The versatility of this choir and conductor was also entertainingly displayed in this way. With regard to the reading of the Cantata BWV 191, the choral control was also put to the test with its energetic gloria setting. The  goal in both Bach’s time and for this concert being to further decorate the statement of Christmas joy and emotions around the Nativity.

The synergy between soloists and soloists plus orchestra as well as choir was in this cantata appendix demonstrated with finesse by soprano Penelope Mills plus Andrew Goodwin in the central section of Cantata for Christmas.

Such commendable, consistent attention to detail, balance of the ensemble forces and creation of fine shape in the telling of the Christmas Oratorio nativity ensured appropriate momentum was maintained throughout the work and the composition’s sequence reached us with navitas.

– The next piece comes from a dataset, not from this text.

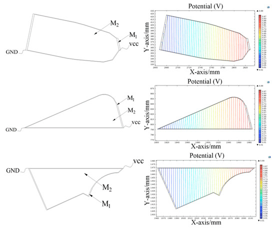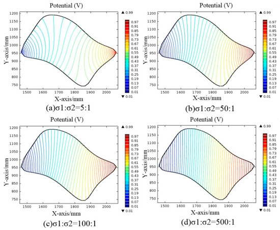 Under the same conditions, the ratio of the conductivity of M1 to M2 will affect the potential distribution in the conductive plane. COMSOL Multiphysics was used to simulate the conductive plane with different ratio of the conductivity of M1 to M2. The potential distribution of the conductive plane is shown in Figure 9.
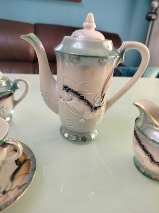 Elegante juego de café de porcelana china con un diseño de dragón. - Incluye tetera, azucarero, 6 tazas con sus 6 platos y lechera. - Acabado nacarado con detalles en verde y negro. - Diseño oriental con motivos de dragón. - Perfecto estado - En la última foto se aprecia la marca de autenticidad, se ve la china al trasluz al fondo de las tazas.

Our exposure to this important Christmas and church work from Bach unfolded stirringly at the hands of early music ensemble experts, complete with rousing timpani, brass and on point string choir. The choir exclamations for the oratorio sections were well contrasted, with new aspects of each section or feeling of the tale resonating in varied hues.

The four soloists worked well together and separately to push the Christmas story through. Roles of the holy family, angels or shepherds were well characterised through well phrase endurance of Bach’s intricacies as well as joyous vocal colours from soloists and in combination with the orchestra and choral voice.

Previous performances of key passions, masses and oratorios of Baroque and varied time periods from Sydney Philharmonia Choirs in past decades have made for special and important events and introduction to major choral works for Sydney audiences.

This compact, meaty concert stage performance of Bach’s BWV 248 with special guest works to gild its delivery has truly updated the last performance of this important work by Sydney Philharmonia Choirs, heard twenty years ago. It left us with a multi-faceted celebration of this choir, soloists orchestra and methods of retelling or celebrating the nativity story as well as reactions to its meaning.

Bach, with all his functional music aptitude and love of a practical, live musical atmosphere would have been as thrilled as the Sydney Opera House audience with the result.